Der Lebenslauf müsse rein optisch interessant gestaltet und knapp bemessen sein, sagt Liz Kressel, die in ihrer New Yorker Firma "CollectorsQuest" 17 Angestellte beschäftigt. Länger als zehn Sekunden schaue sie nicht auf einen Lebenslauf.

"Da muss etwas stehen, das sofort ins Auge sticht. Längere Abhandlungen lege ich gleich ab", erklärt Kressel. Dem Bewerber müsse klar sein, dass er auf einen Blick einen überzeugenden Eindruck davon liefern muss, was er kann. Kressel warnt vor ausschweifenden Berufsbezeichnungen und Ausbildungsabschlüssen und empfiehlt eine einfache, fachbezogene Sprache. Wer sich bewirbt, müsse von sich aus schriftlich nachweisen, dass er ein Bewerbungsgespräch verdient habe.

Rätseln für die Karriere

Die meisten Großunternehmen in den USA bieten mittlerweile standardisierte Bewerbungsformulare auf ihren Webseiten an. Trotzdem sind fast zwei Drittel der offenen Stellen nicht ausgeschrieben. Initiativbewerbungen haben deshalb einen hohen Stellenwert. Im Dotcom-Bereich erfolgt die Vorauswahl gelegentlich auf unkonventionelle Art.

Die Internet-Suchmaschine Google machte vor kurzem mit komplizierten mathematischen Rätseln auf Plakatwänden in der Nähe von Universitäten von sich reden. Wer ein Rätsel löste, gelangte auf eine Bewerbungswebseite und war bereits in der Vorauswahl.

Der Mathematikdozent Keith Devlin von der Stanford University beobachtet seit mehreren Jahren die Trends bei Bewerbungen in den USA. Sein Fazit: Bei Dotcom-Firmen wird gerne experimentiert, aber die Bewerbungsverfahren in der Privatindustrie oder an einer Universität sind im Kern gleich.

Hightech-Firmen in Silicon Valley und anderswo nutzten mathematische Rätsel und logische Fragen seit den fünfziger Jahren, um bei den Bewerbern den Weizen von der Spreu zu trennen, erklärt Devlin. "Microsoft ist berühmt-berüchtigt für seine oft höchst komplizierten Rätsel. Es ist allerdings nicht ganz geklärt, ob diese die effektivste Methode sind, die Bewerber auszusortieren."

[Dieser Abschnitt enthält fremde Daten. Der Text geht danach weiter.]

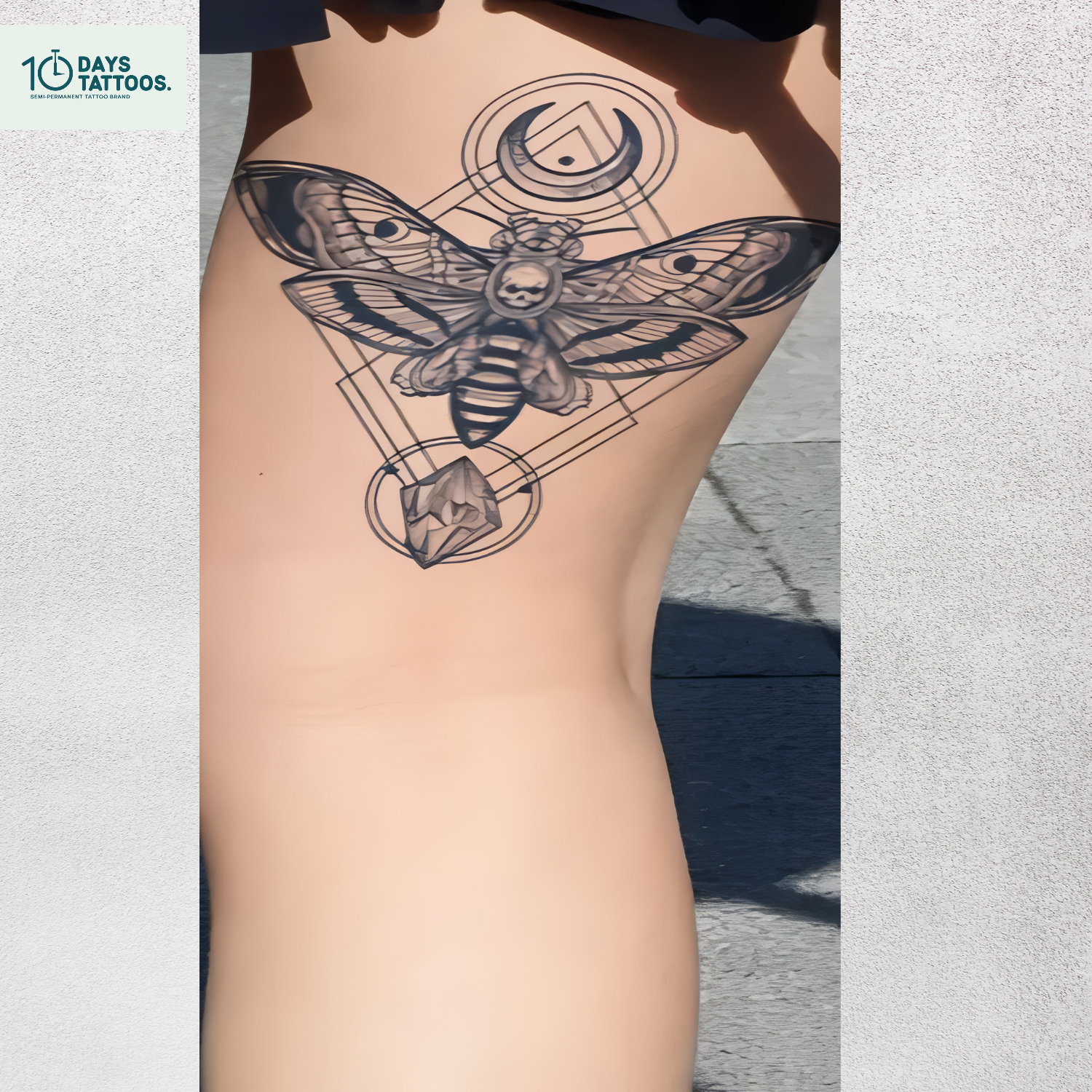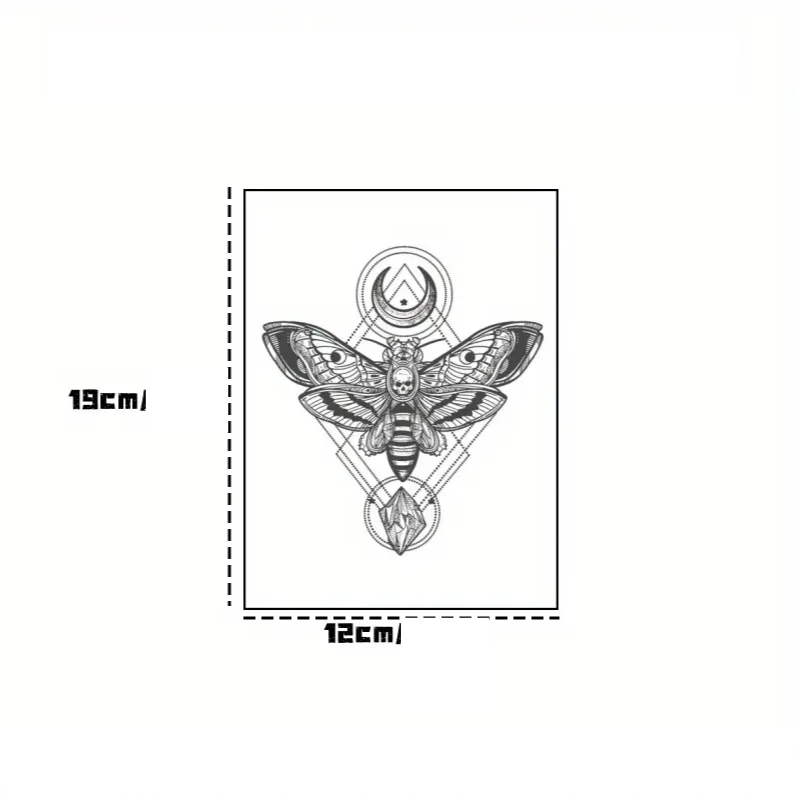 ✨ Le tatouage semi-permanent « La Tania de la Nuit Papillon » est une composition symbolique centrée sur un sphinx (papillon de nuit) détaillé, orné d’un crâne sur le thorax et inscrit dans un motif géométrique harmonieux. Ce design exprime la transformation, la mystique et la force intérieure.

Kein Achselschweiß, kein Handygeklingel

Universitäten und andere private Forschungseinrichtungen halten sich dagegen streng an das traditionelle Bewerbungsschema. Die Dotcom-Firma macht jedenfalls deutlich, dass sie auf intellektuelle Talente außergewöhnlich großen Wert legt.

Die New Yorkerin Liz Kressel sucht für ihr Unternehmen, das sich Hobbysammlern, ihren Sammelobjekten und deren Vermarktung widmet, immer wieder Angestellte. Dabei sind die K.O.-Kriterien klar: kein Kaugummigekaue, keine Schweißachseln, keine Flirterei, kein Handygeklingel, kein Rasierwasser-, Parfüm- oder Zigarettengeruch und keine Piercings, erklärt Kressel. "Smalltalk, Humor und Lockerheit ja, aber bitte zur Sache kommen."

Auch der Dresscode ist bei Kressel streng. Männer sollten einen Anzug tragen und ein weißes Hemd, Frauen präsentieren sich am Besten im Hosenanzug oder mit Rock und Jackett. Keine schreienden Farben, sondern dezent. "Am Wichtigsten ist mir dann, dass der Bewerber sich schon vorher über die Firma kundig gemacht hat. Wer mich etwas fragt, was ich auf meiner Webseite beantwortet habe, hat schon verloren. Das ist nämlich Zeitvergeudung."

Einen positiven Eindruck hinterlasse der Bewerber außerdem, wenn er sich beim Vorstellungsgespräch aktiv zeige. "Er oder sie sollte versuchen, den Gesprächsverlauf mit zu beeinflussen und nicht nur mir zu überlassen", empfiehlt Kressel. Und auch ein Dankesschreiben ein oder zwei Tage später könne nützlich sein. "Das dient mir als Erinnerung an die Person."